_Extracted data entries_

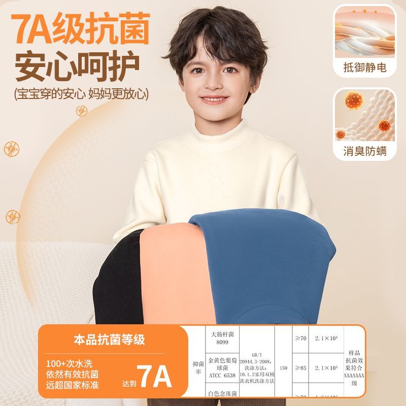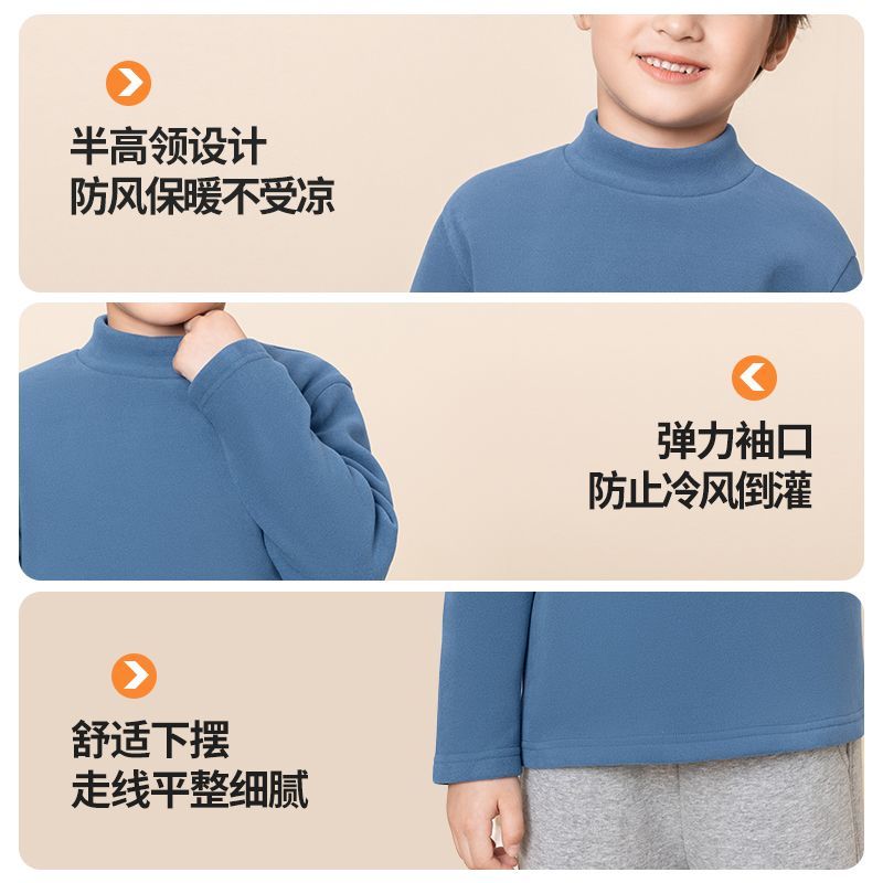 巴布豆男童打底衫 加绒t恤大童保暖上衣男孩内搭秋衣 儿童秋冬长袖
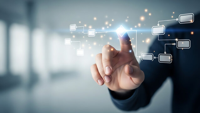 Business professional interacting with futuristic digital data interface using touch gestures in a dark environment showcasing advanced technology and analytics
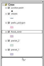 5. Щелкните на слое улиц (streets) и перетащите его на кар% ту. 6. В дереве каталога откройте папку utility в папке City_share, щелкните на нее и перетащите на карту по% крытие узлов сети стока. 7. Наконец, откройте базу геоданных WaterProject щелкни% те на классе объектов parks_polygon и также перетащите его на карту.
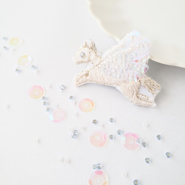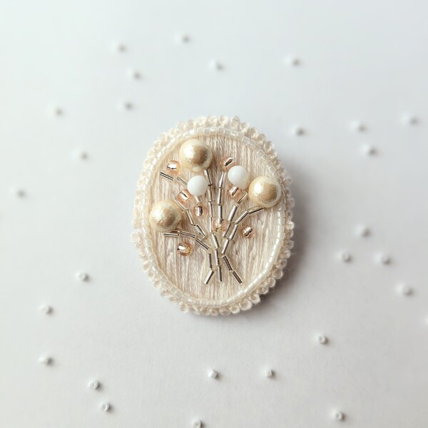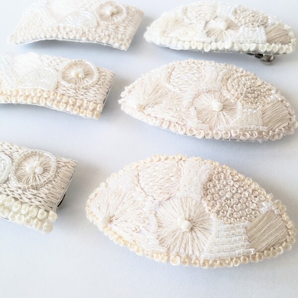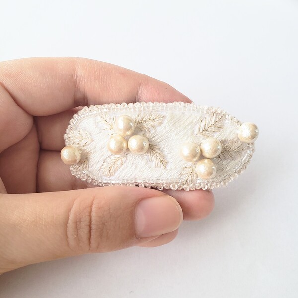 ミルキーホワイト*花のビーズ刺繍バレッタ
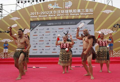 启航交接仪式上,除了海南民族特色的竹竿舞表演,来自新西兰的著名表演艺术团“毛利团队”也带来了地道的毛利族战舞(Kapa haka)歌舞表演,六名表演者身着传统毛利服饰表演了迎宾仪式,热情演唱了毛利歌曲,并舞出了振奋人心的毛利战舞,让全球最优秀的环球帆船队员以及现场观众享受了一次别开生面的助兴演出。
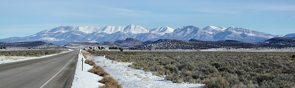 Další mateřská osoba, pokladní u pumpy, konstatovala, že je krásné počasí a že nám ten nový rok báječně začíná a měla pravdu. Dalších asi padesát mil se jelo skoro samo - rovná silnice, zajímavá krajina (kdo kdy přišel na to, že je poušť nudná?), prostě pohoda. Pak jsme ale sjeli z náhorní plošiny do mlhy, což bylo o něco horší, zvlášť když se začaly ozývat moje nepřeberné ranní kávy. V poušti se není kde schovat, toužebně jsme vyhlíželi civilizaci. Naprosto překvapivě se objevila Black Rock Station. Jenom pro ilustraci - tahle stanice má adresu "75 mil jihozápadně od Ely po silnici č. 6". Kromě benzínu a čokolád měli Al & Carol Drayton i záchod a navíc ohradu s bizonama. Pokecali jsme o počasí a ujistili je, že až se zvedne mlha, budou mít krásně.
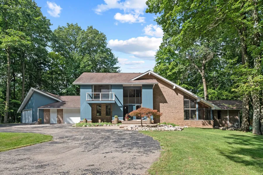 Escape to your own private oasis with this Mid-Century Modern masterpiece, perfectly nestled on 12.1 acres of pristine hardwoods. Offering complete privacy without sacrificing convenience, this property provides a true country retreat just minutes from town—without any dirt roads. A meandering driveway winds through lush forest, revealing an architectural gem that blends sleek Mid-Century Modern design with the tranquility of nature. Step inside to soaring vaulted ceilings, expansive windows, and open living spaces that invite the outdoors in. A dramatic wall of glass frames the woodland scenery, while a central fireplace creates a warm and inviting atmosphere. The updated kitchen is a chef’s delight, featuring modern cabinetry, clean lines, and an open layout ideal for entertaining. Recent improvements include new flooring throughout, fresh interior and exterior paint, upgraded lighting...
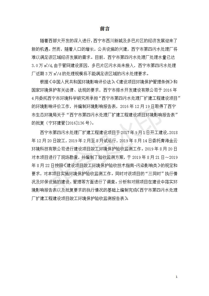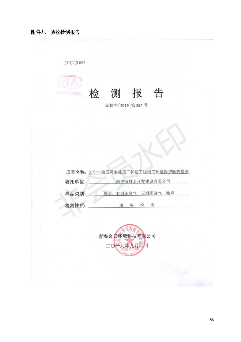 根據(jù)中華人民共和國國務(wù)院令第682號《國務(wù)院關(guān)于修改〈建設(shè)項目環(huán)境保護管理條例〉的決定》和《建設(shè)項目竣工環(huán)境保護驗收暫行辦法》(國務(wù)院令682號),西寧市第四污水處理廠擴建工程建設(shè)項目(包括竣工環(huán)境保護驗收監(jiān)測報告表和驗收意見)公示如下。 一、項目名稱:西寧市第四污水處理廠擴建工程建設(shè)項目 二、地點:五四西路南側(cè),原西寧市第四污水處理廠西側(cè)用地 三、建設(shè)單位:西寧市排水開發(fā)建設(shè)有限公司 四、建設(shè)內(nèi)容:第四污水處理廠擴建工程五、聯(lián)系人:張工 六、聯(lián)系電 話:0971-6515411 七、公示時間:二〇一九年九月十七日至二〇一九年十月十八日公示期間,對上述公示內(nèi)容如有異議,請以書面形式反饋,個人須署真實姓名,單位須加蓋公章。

_THE PROBLEM_
Skip every picture, and restate word for word only the lines above from the line containing "ミルキーホワイト*花のビーズ刺繍バレッタ" to the line containing "Další mateřská osoba, pokladní", both of them included.

_COMPLETED TASK_
 ミルキーホワイト*花のビーズ刺繍バレッタ
 启航交接仪式上,除了海南民族特色的竹竿舞表演,来自新西兰的著名表演艺术团“毛利团队”也带来了地道的毛利族战舞(Kapa haka)歌舞表演,六名表演者身着传统毛利服饰表演了迎宾仪式,热情演唱了毛利歌曲,并舞出了振奋人心的毛利战舞,让全球最优秀的环球帆船队员以及现场观众享受了一次别开生面的助兴演出。
 Další mateřská osoba, pokladní u pumpy, konstatovala, že je krásné počasí a že nám ten nový rok báječně začíná a měla pravdu. Dalších asi padesát mil se jelo skoro samo - rovná silnice, zajímavá krajina (kdo kdy přišel na to, že je poušť nudná?), prostě pohoda. Pak jsme ale sjeli z náhorní plošiny do mlhy, což bylo o něco horší, zvlášť když se začaly ozývat moje nepřeberné ranní kávy. V poušti se není kde schovat, toužebně jsme vyhlíželi civilizaci. Naprosto překvapivě se objevila Black Rock Station. Jenom pro ilustraci - tahle stanice má adresu "75 mil jihozápadně od Ely po silnici č. 6". Kromě benzínu a čokolád měli Al & Carol Drayton i záchod a navíc ohradu s bizonama. Pokecali jsme o počasí a ujistili je, že až se zvedne mlha, budou mít krásně.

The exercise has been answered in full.